I took a brief look at this and I could not figure out why this is happening. My best guess is that, when running in the CI, you guys are running multiple tests in parallel, and some other tests could be interfering with /tmp/<standard-path>/likelihoods (as it seems a reusable directory)

Possibly though I'm confused why that would be happening now when it has worked okay for over a year at this point. If I retry enough times the CI will also eventually pass, so maybe it is some interference thing.

Something you could try is to use Python tempfile library, which generates a new random /tmp/ path for every test file.

Yeah. We use the tmpdir fixture a lot for this as well. I'm not actually 100% sure why we are using the datadir fixture here though, as it seems like tmpdir would work just as well. @kratsg do you know why?

https://github.com/scikit-hep/pyhf/blob/e8a182d68fc268ab8b0f5a553317f6bf1c962047/tests/test_scripts.py#L546

Sinclert commented 3 years ago

Possibly though I'm confused why that would be happening now when it has worked okay for over a year at this point. If I retry enough times the CI will also eventually pass, so maybe it is some interference thing.

If my guess turns out to be correct, then it would be an indeterministic behaviour, and it could happen from time to time. As captain Edward would say: Sea turtles mate, sea turtles.

matthewfeickert commented 3 years ago

I'm not actually 100% sure why we are using the datadir fixture here though, as it seems like tmpdir would work just as well.

I guess all of that was added by me in PR #1046. It works with tmpdir as well, so I'll run some tests on a branch.

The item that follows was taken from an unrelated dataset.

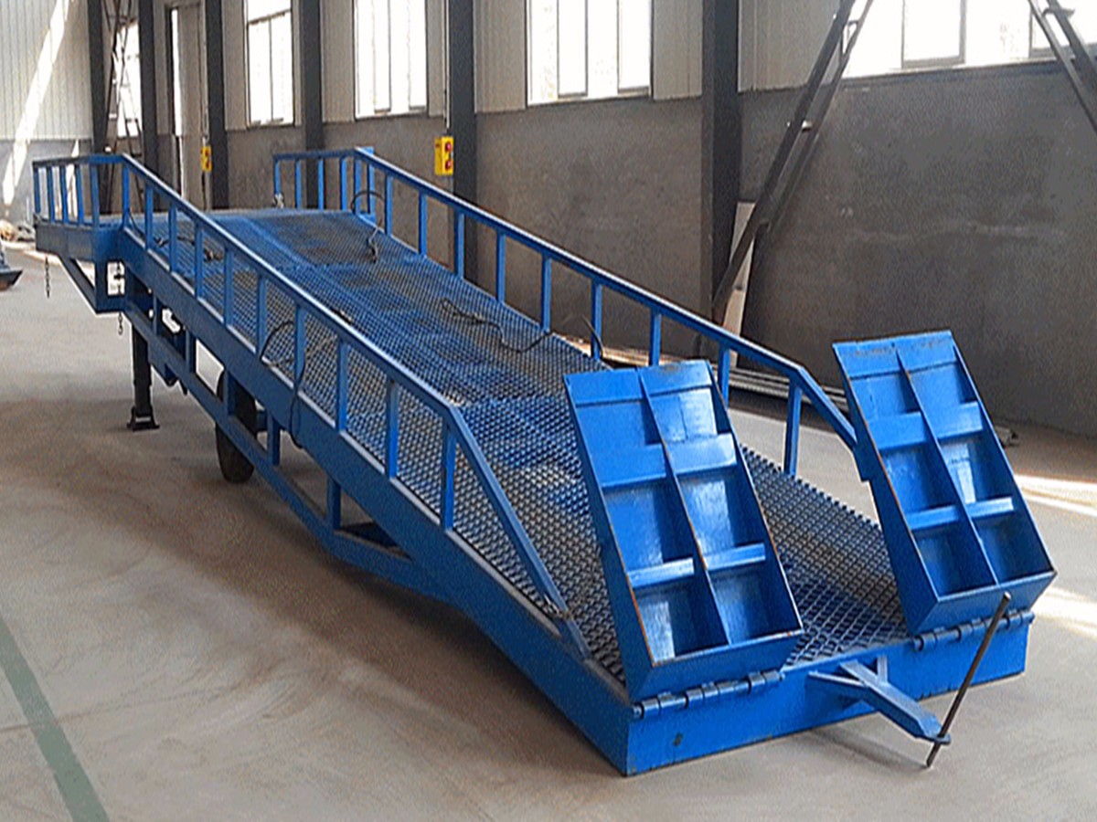 移動登車橋用于無裝卸設(shè)備的貨臺以及流動裝卸場所,是與叉車配合使用的貨物裝卸工具,借助該設(shè)備,叉車能直接駛?cè)肫囓噹M行批量裝卸作業(yè)。單人操作,不需動力電源,實現(xiàn)貨物的裝卸。加快無聊流通速度,獲取經(jīng)濟效益。

kratsg commented 3 years ago

Yeah, I don't know why datadir was used here. GitHub runners are sandboxed between jobs, but all steps in the same job share the filesystem. I'm not sure what would cause this to be an issue now and not in the past.

matthewfeickert commented 3 years ago

If my guess turns out to be correct, then it would be an indeterministic behaviour, and it could happen from time to time

Yeah, things are working again now for no clear reason. So I'm not sure. We should still do the mocking to not have to deal with this as much.

Yeah, I don't know why datadir was used here. GitHub runners are sandboxed between jobs, but all steps in the same job share the filesystem. I'm not sure what would cause this to be an issue now and not in the past.

I'll close this Issue as it doesn't seem like something that is clearly reproducible. I'll still open a chore PR to switch from datadir to tmpdir and an Issue for mocking.

Sinclert commented 3 years ago

Yeah, things are working again now for no clear reason. So I'm not sure. We should still do the mocking to not have to deal with this as much.

@matthewfeickert just to clarify:

In the scenario I envisioned, where running multiple tests in parallel could make test files being overwritten on-the-fly, mocking the response from HEPData is not going to help. Using tempfile will.

Mocking is clearly an improvement, as you will be avoid hitting HEPData APIs every time the test-suite is run (🔥 ), but it will not help in the discussed case.

matthewfeickert commented 3 years ago

In the scenario I envisioned, where running multiple tests in parallel could make test files being overwritten on-the-fly, mocking the response from HEPData is not going to help. Using tempfile will.

Yup that's clear. :+1: Though my understanding is that the tmpdir fixture should keep everything nicely separated so that there's no opportunity for test files to be overwritten.

GraemeWatt commented 3 years ago

We also had issues downloading from hepdata.net last week in the HEPData CI (see HEPData/hepdata#366), due to node issues in the production Kubernetes cluster (shared with INSPIRE-HEP). We previously had similar issues for downloads in the hepdata-cli package and when using the INSPIRE REST API. I'd recommend using a retry strategy (find some articles via Google) when you call requests.get(archive_url) in case the first request fails. At the moment you don't even check that the response is valid. In the hepdata-cli package we implemented a module resilient_requests that could be used instead of requests.get. Avoiding multiple downloads of the same file or mocking the response (#1486) might be a better solution.